The older green cluster is comprised of 36 genomes almost all of the B.4 lineage [B.4/19A], carrying [G1397A‐T28688C‐G29742T] substitutions (Eden et al., 2020). These genomes were spread across different geographical regions including as follows: Alborz (n = 2), Gilan (n = 4), Khuzestan (n = 3), Qom (n = 1), Sistan and Baluchestan (n = 3), Semnan (n = 1), South Khorasan (n = 1), Tehran (n = 18) and unknown (n = 3). This indicates that the [B.4/19A] cluster originated very early in 2020 the latest and began circulating around the country thereafter, reflecting multiple local transmissions. Additionally, there are two samples with [B/19A] lineage in this older cluster. These samples were collected back in early March, showing that in the first phase of pandemic; at least two different lineages entered into the country. The [B/19A] samples also carry the G1397A and G29742T substitutions but not T28688C.
The red cluster is comprised of nine genomes the entire [B.1.*/20A] lineage and collected after May 15, compatible with the pattern shown in Figure 1. The [B.1.*/20A] samples did not show [G1397A‐T28688C‐G29742T] substitutions but instead harboured [C241T‐C3037T‐C14408T‐A23403G] or [C241T‐C3037T‐C14408T‐A23403G‐G25563T], which are the common patterns of variant co‐occurrence of B.1 and B.1.* lineages in Europe and North America (Mercatelli & Giorgi, 2020).
3.3.2. TMRCA estimates
The TMRCA of B4 clade was estimated as 29–12–2019 with 95% highest posterior density (HPD) intervals of [03–11–2019 to 06–02–2020], considering Wuhan‐1 sample (EPI_ISL_402125) as an outgroup. Additionally, to track the appearance of [B.1.*/20A] cluster in the country, the TMRCA of the nine B.1 samples, placing all the other genomic samples in this study as outgroup was estimated. The TMRCA was 22–02–2020, with HPD intervals of [12–01–2020 to 29–03–020]. Clearly, more high‐quality B.1* genomes are required to narrow the credible interval and predict a more precise TMRCA for entry of this lineage. However, the above results still indicate that the new lineage might have been introduced separately, after the entry of B.4, and then gradually increased in the population, becoming detectable in our cohort since mid‐May.

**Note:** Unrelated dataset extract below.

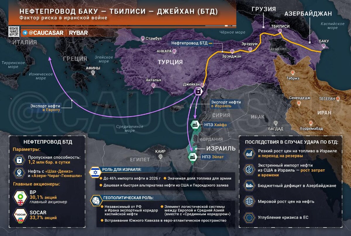 ?📝 Похоже, Тегеран не прочь испортить жизнь израильтям, ударив по нефтепроводу Баку-Тбилиси-Джейхан (БТД). Этот маршрут обеспечивает 30-46% израильского импорта нефти, и его остановка станет серьезным ударом по энергетической безопасности и снабжению армии. Придётся переходить на резервы и экстренные поставки из США – более дорогие и долгие. 💸 Но главные потери понесёт Азербайджан: до 80% нефти экспортируется через этот маршрут! Госбюджет трещит по швам. Пострадает и Турция как транзитный игрок, и потребители в ЕС. 🚩 Иран подозрительно относится к антииранской деятельности в Азербайджане, которую ведут представители Израиля и США. Удар по нефтепроводу уже навис дамокловым мечом над регионом. Не забываем и про недавний инцидент с аэропортом в Нахичевани – конфликт разгорается!💥 Всё это подрывает геополитические планы Запада по связке ЕС – Закавказье – Средняя Азия – Китай, задуманные в обход России и Ирана. 🇷🇺 Западные кукловоды явно торопят события, создавая хаос и нестабиль

3.3.3. Sources of SARS‐CoV‐2 entries
Subsequent analysis in the context of 216 genomes from around the world clarified the location of two main clusters among the global samples (Figure 3).
As expected, the B.4 cluster was linked to the very early samples collected in January–February and mostly in China. This supports the hypothesis of an early virus introduction to Iran and most likely from China, which is consistent with Iran's health ministry statements that the virus was brought from China by travellers (https://en.wikipedia.org/wiki/COVID‐19_pandemic_in_Iran). Interestingly, the Iranian B.4 cluster is closely linked to the two B.4 samples collected on mid‐January (19–01–2020 and 18–01–2020) in Hubei/Wuhan and Shandong/Qingdao in China (EPI_ISL_408482 and EPI_ISL_412981). This suggests that the three [G1397A‐T28688C‐G29742T] substitutions might have occurred before their introduction to Iran, subsequently becoming the major lineage and driving the epidemic in the country. Afterwards, the virus was transferred to the other countries, such as Canada, Australia and New Zealand, by travellers (Eden et al., 2020). This is now confirmed by locating five samples from these countries within the major Iranian cluster (EPI_ISL_412965, EPI_ISL_413213, EPI_ISL_412975, EPI_ISL_413214 and EPI_ISL_413490). All these five samples were collected in late February having a travel history to Iran (Figure 3, Figure 4).
The [B.1*/20A] cluster localizes in a completely different position, namely among the samples from various parts of the world, prominently Europe. This corroborates the hypothesis of new sources of virus introduction to the country (probably in late February as suggested by TMRCA of B.1* samples) before suspension of air flights; as the international travel lockdown was started at 23 February 2020 for some neighbouring countries and expanded until 8 March 2020 by more countries. Furthermore, important foreign and Iranian airlines transferring passengers between Iran, Europe and North America were suspended on February 25 and March 8, respectively.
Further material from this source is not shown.